EU-Abgeordnete stimmen gegen Soja-Biodiesel

Der Industrieausschuss des Europäischen Parlaments hat am Mittwoch (13. Juli) dafür gestimmt, Sojaöl als Rohstoff für die Herstellung von Biokraftstoffen einzuschränken. Damit wird Sojaöl in der EU auf eine Stufe mit Palmöl gestellt.

EURACTIV.com
Diesel,Fuel,Nozzle,And,Soybeans.,Biodiesel,,Biofuel,,Agriculture,And,Renewable
Die Abgeordneten wollen, dass das Ausstiegsdatum für Palmöl und Soja, das derzeit auf 2030 angesetzt ist, ab dem Zeitpunkt des Inkrafttretens der Richtlinie gilt. [<a href="https://www.shutterstock.com/image-photo/diesel-fuel-nozzle-soybeans-biodiesel-biofuel-2149564933" target="_blank" rel="noopener">J.J. Gouin / Shutterstock.com</a>]
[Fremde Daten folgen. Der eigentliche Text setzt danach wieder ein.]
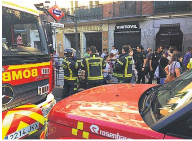
Bomberos en la boca de metro de Príncipe de Vergara. EMERGENCIAS

Como consecuencia del incidente se generó gran cantidad de humo en los vagones y el tren al completo tuvo que ser evacuado entre los nervios ante un posible atentado. A pesar de las escenas de tensión y des-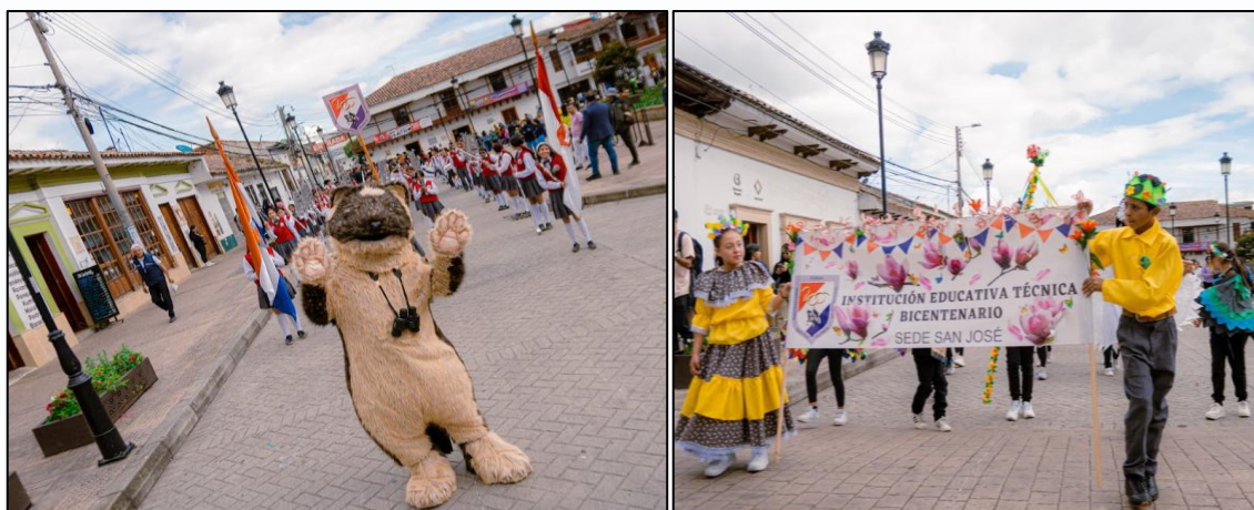
Ilustración 1 y 2. Comparsa de apertura de la Semana de Ambiente y Bienestar Animal.

Cada institución representó una categoría de fauna, mamíferos, aves, reptiles y anfibios, insectos, animales domésticos y la figura de AWA, guardiana del humedal Gualí, símbolo de la biodiversidad y del espíritu protector del territorio funzano.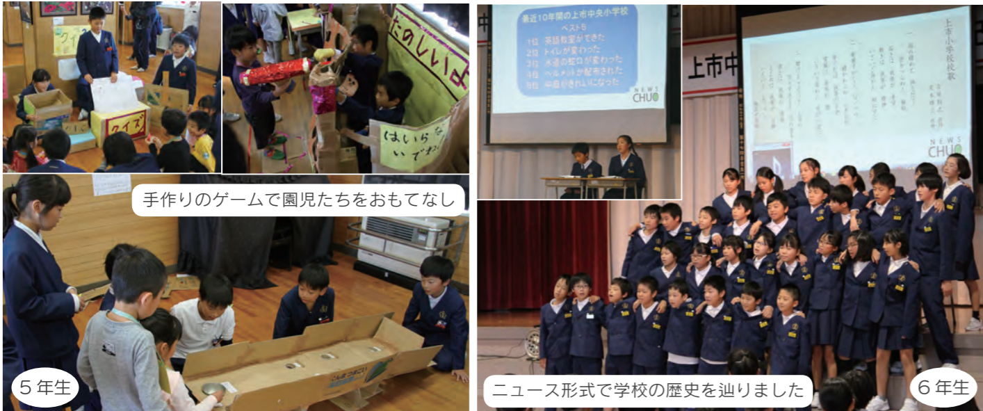
手作りのゲームで園児たちをおもてなし

Der Industrieausschuss des Europäischen Parlaments hat am Mittwoch (13. Juli) dafür gestimmt, Sojaöl als Rohstoff für die Herstellung von Biokraftstoffen einzuschränken. Damit wird Sojaöl in der EU auf eine Stufe mit Palmöl gestellt.
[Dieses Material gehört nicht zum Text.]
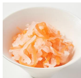
紅白なます： お酢の量を調整しより食べやすく

【商品概要】 ※価格は購入時期によって異なります。詳細は販売ページをご覧ください。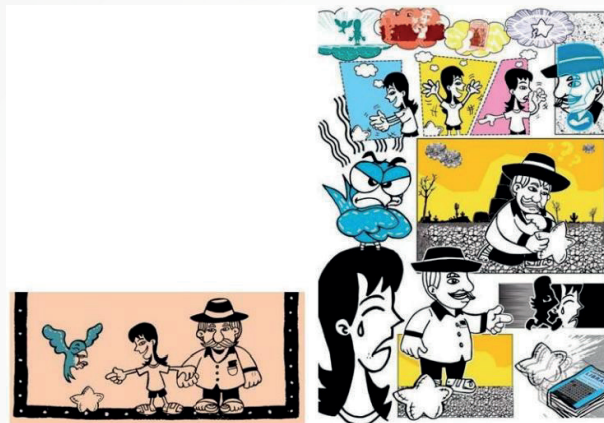
Imagem 05 - Trecho 4 - “A barreira linguística”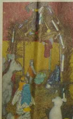
Trabalhos dos alunos da rede municipal com material reciclado

Feliz Natal a todos que participaram e construíram a felicidade deste Natal Jaraguense.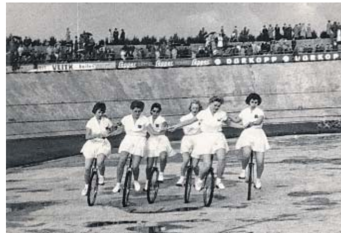
Einradfahren als Showeinlage: Vermutlich im Umfeld eines Radrennens gab es vor knapp 65 Jahren diese Darbietung.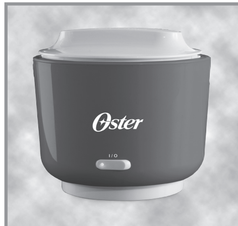
美國Oster®隨行電子保溫飯盒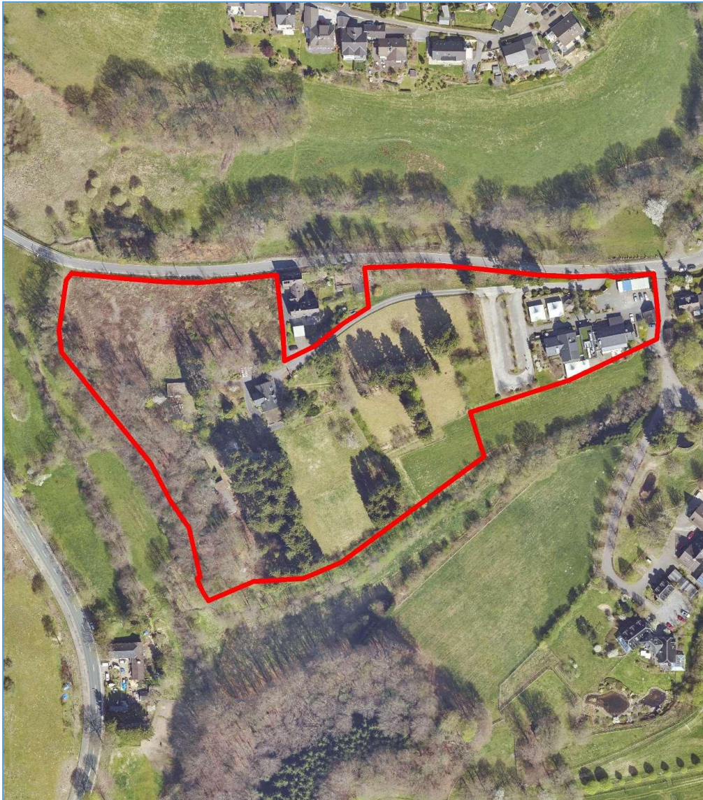
Luftbild © Amt für Liegenschaftskataster und Geoinformation, Rheinisch-Bergischer Kreis, 2020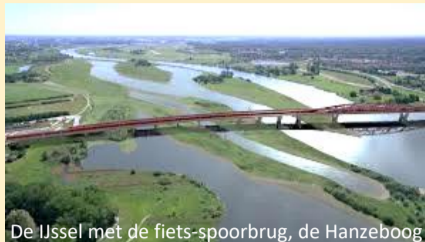
De IJssel met de fiets-spoorbrug, de Hanzeboog

Iedereen heeft zijn rivier 1 en ik, ik heb de IJssel.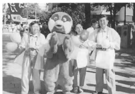
札幌腎友会：腎キャンペーン

街頭キャンペーンは昨年18回目となりました。一昨年、臓器移植法が施行されてから一年半、脳死による移植は全国で一件もない(平成11年1月末現在)中ではありますが、多くの方々には理解と協力を求め、全道で臓器提供意思表示カードを1万3千枚配布しました。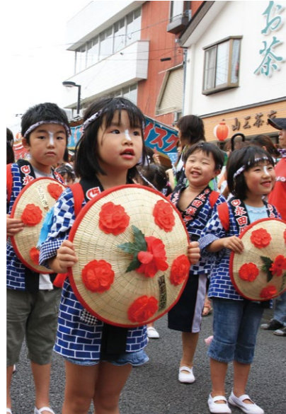
永田保育園の園児による花笠おどり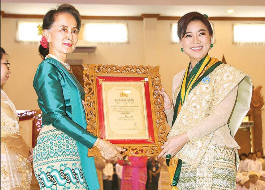
နိုင်ငံတော်၏အတိုင်ပင်ခံပုဂ္ဂိုလ် ဒေါ်အောင်ဆန်းစုကြည် အဂ္ဂမဟာသီရိသုဓမ္မသီရိ ဘွဲ့တံဆိပ်ရ ဒေါ်နန်းခင်မြင့်ရီအား ဘွဲ့တံဆိပ်နှင့် အဆောင်အယောင်များ ပေးအပ်ချီးမြှင့်စဉ်။ သတင်းစဉ်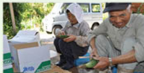
▲収穫済みゴーヤーを選別作業で確認する川畑さんご夫婦

グリーン鹿児島市の吉田南スタミナチャンピオン生産者部会では、2016年産のゴーヤーの収穫が始まりました。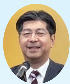
▲参議院議員 里見隆治様

Die Abgeordneten trafen diese Entscheidung aufgrund von Bedenken über die Umweltauswirkungen des Sojaanbaus in außereuropäischen Ländern, wo er für die Abholzung von Wäldern verantwortlich ist.

Etwa 73 Prozent der Sojabohnen, die für die Herstellung von Biodiesel verwendet werden, werden derzeit aus Südamerika importiert, so die Initiative für saubere Mobilität Transport & Environment (T&E).
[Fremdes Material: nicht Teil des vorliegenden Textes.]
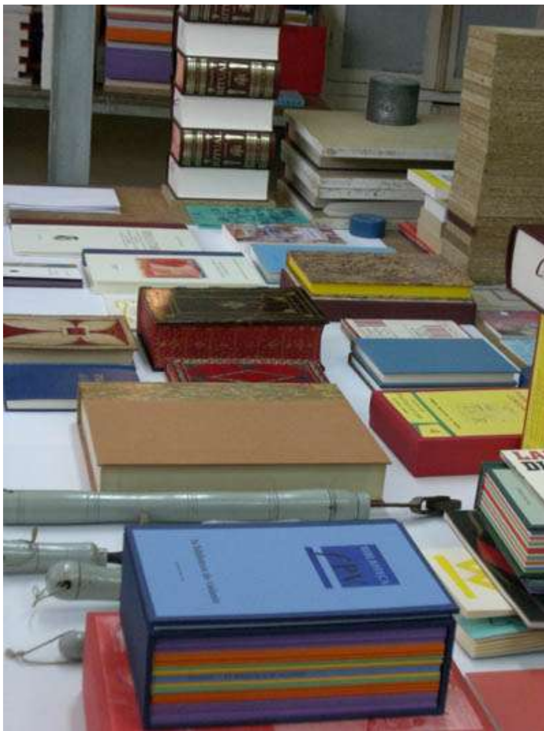
Ediciones de Corona del Sur. Una de las bibliotecas más importantes en poesía visual y experimental de nuestro país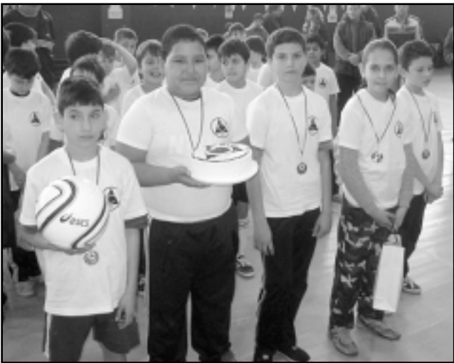
Достойните финалисти от НУ "Васил Левски"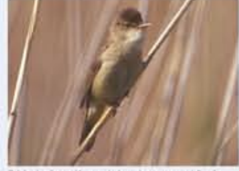
Tüpfelrohrsänger ( Acrocephalus scirpaceus , engl. Reed Warbler), Brutvogel, April bis Oktober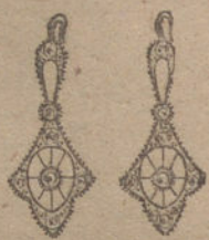
Núm. 1.—Dos brillantes y diamantes

Monturas de platino fino y oro de ley 18 quilates contrastado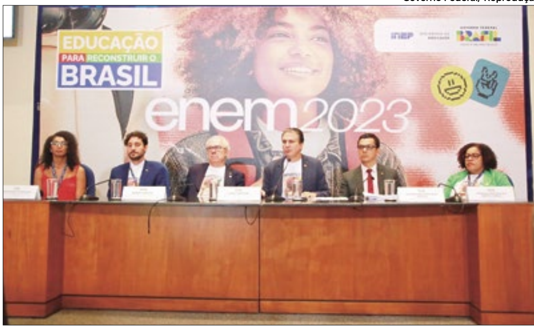
Edição desse ano contou com problemas logísticos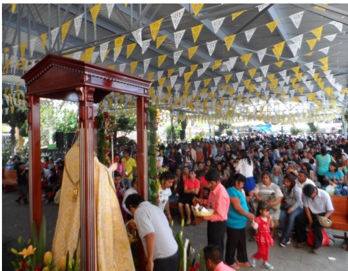
TÍTULO Las personas esperando el inicio de la eucaristía FECHA 14 de Julio 2014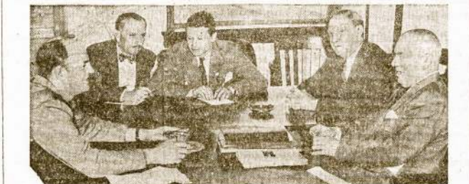
Jūrininkų unijos (CIO) prezidentas Joseph Curran (kairėje) tariasi su laivų kompanijų atstovais ir federalės valdžios tarpininkais jūrininkų streiko reikalu. Derybos buvo paskėmingos ir unija didžiūmą reikalavimų laimėjo.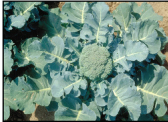
Variedades. Uso de variedades resistentes que puedan tolerar, evitar y recuperarse de daños.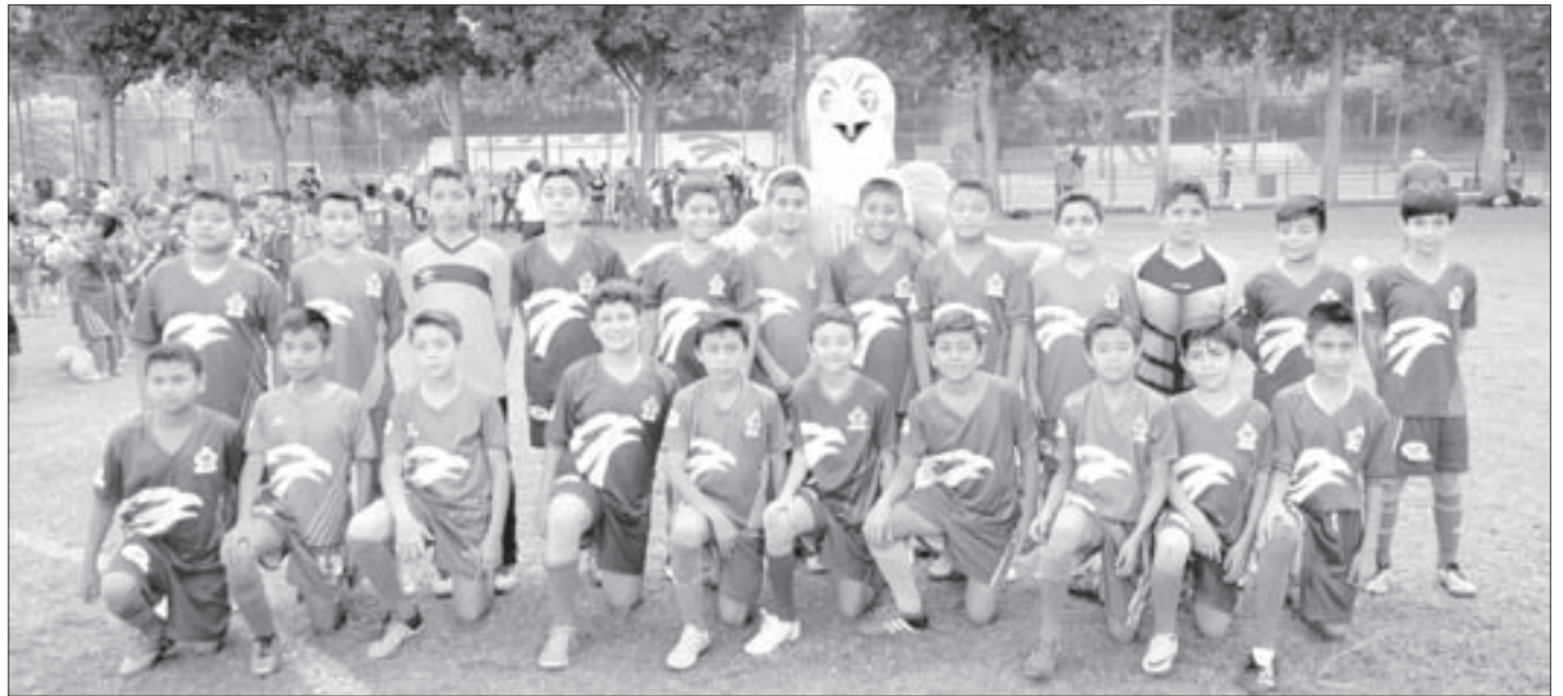
Atiende más de 240 alumnos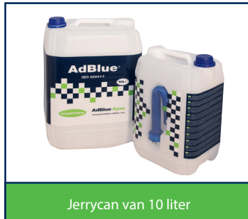
Jerrycan van 10 liter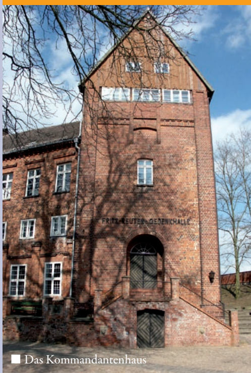
■ Das Kommandantenhaus

Spendenkonto: Förderkreis Festung Dömitz e.V., Konto Nr. 1530000650, Sparkasse Mecklenburg-Schwerin, BLZ 14052000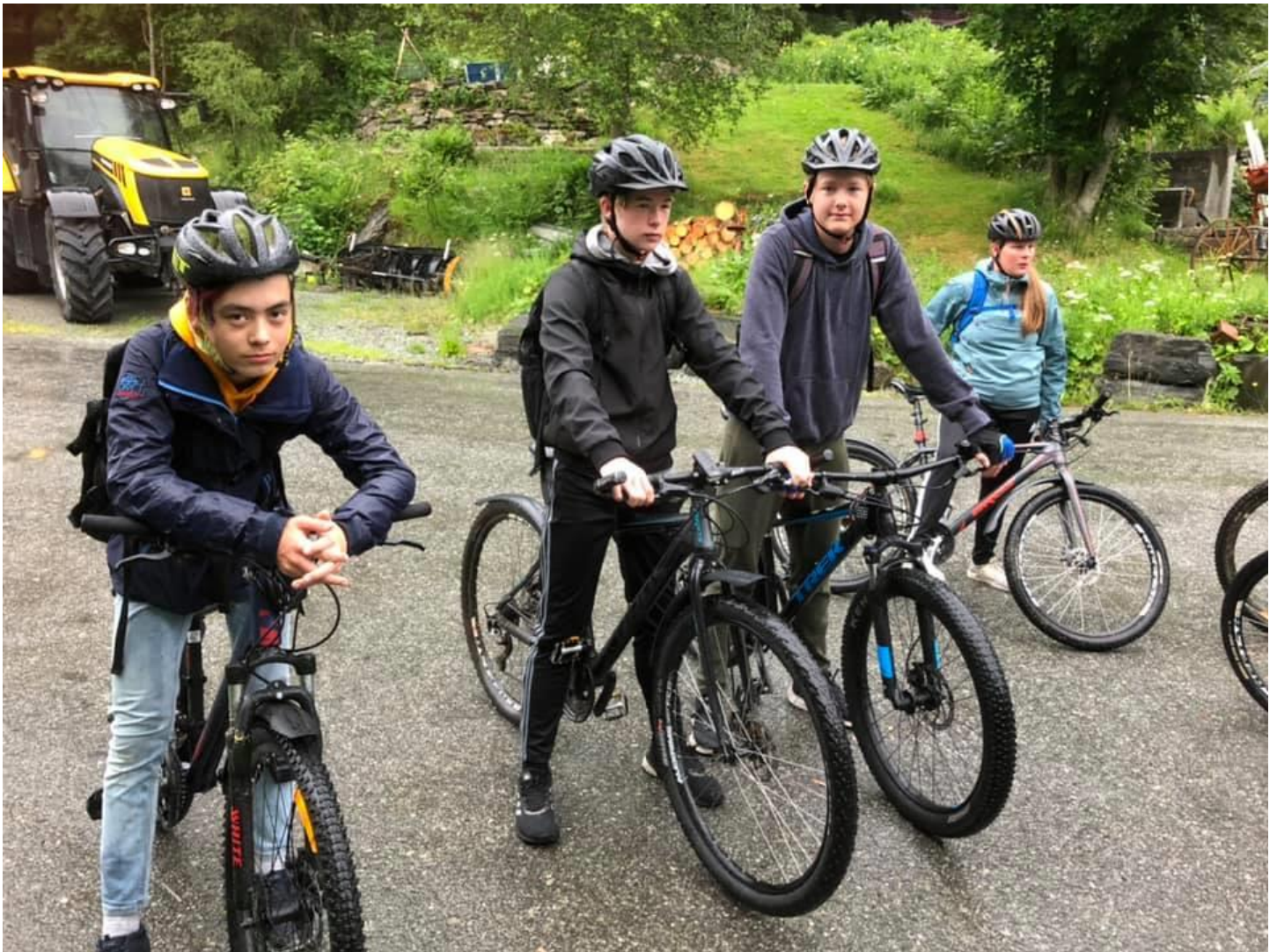
Konfirmanter klar for sykkelstur

Die Gesetzgeber wollen außerdem den Beginn des Ausstiegs aus der Verwendung von Palmöl und Soja, der derzeit für 2030 vorgesehen ist, vorverlegen, sodass er sofort nach Inkrafttreten der Richtlinie gilt, also möglicherweise ab dem nächsten Jahr.

„Palmöl und Soja dürfen nicht mehr auf die Quote für Biokraftstoffe der ersten Generation angerechnet werden, sobald die Richtlinie in Kraft tritt“, sagte Markus Pieper, ein deutscher Europaabgeordneter der Europäischen Volkspartei, der den Gesetzesvorschlag durch das Parlament gebracht hat.

„Wir haben Soja ausgeschlossen, weil wir Zweifel an den nachhaltigen Bedingungen haben, unter denen Dritte-Welt-Länder Soja an Europa liefern“, erklärte der konservative Abgeordnete auf einer Pressekonferenz.

Der Standpunkt des Industrieausschusses zur überarbeiteten Richtlinie über erneuerbare Energien wurde mit 54 Ja-Stimmen, 14 Nein-Stimmen und 6 Enthaltungen angenommen.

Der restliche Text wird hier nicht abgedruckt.